Here’s a few options that are currently available for GPU acceleration in Fortran :

Directive based approaches
OpenACC : Supported by PGI, Flang, and GNU compilers (mileage varies with each). Does anyone know the story of AMD GPU support for OpenACC implementations ?

OpenMP 5.0 : AMD’s llvm fork has OpenMP 5.0 support for Nvidia and AMD GPUs https://github.com/ROCm-Developer-Tools/llvm-project

Kernel Based Approaches
CUDA-Fortran : PGI Compilers only, Nvidia GPUs only
hipfort : C-Fortran Interface for HIP, AMD and Nvidia GPUs
FortranCL : C-Fortran Interface for a number of common OpenCL routines. It’s not clear it’s supported anymore, but its out there.

I’m curious to know how this community wants program GPUs and what your pro’s and con’s are for current implementations available.

pcosta · August 3, 2020, 11:45pm

I find GPU programming quite hard and tricky, and it gets even harder if one wants to do distributed-memory calculations on many GPUs. Right now I use PGI’s CUDA Fortran and (CUDA-aware) MPI (I got some help from very good people), making extensive use of CUF kernels, and in some instances I had to compromise a bit efficiency to use available kernels, because writing efficient custom kernels is hard, at least for me.

It is my understanding that there are some emerging frameworks that allow for more neat and abstract implementations (by requiring the user to specify things like tasks, data layout and how data should be accessed, I think), while ensuring performance portability for different architectures, like kokkos or Stanford Legion. I would love to exploit something similar for Fortran.

lkedward · August 4, 2020, 9:51am

I’d like to add my own Fortran OpenCL abstraction library Focal to the list of available options, see here for the slides I presented at FortranCon. Unlike fortrancl and clfortran, Focal presents a ‘Fortranic’ interface that abstracts away a lot of the low-level C library.

My personal preference is strongly towards Kernel-based approaches since they are more explicit and give more control over memory management and synchronisation.
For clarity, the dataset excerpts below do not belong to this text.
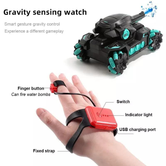 Tanko: RC Battle Car with Gesture Control & 360° Rotating Turret, Water Bullet Shooting, 4WD, High-Speed Drift & Rechargeable Battery
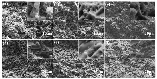 Fracture appearance of (a) Outer layer; (b) Middle layer and (c) Inner layer of bionic Meretrix lusoria shell composite material and (d) Outer layer; (e) Middle layer and (f) Inner layer of bionic Rapana venosa shell composite material.
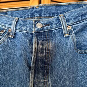 These Levi's 501 jeans embody the enduring legacy of 1990s vintage style. Crafted with durable denim, they feature a timeless straight-leg design and button fly closure. A staple for any denim enthusiast seeking authenticity and heritage.

By contrast, in Directives-based approaches you usually need to infer what is going on ‘behind the scenes’ to understand performance implications and then add additional directives to constrain the compiler, resulting in messy code.

By example, adding directives to completely specify variable locality for a parallel loop essentially amounts to writing a kernel interface, albeit very verbosely - so you may as well use a kernel based approach with more control.
Ultimately, I think GPU directives attempt to perform a code abstraction that isn’t actually useful since it is better to retain control over the specifics of execution on GPUs.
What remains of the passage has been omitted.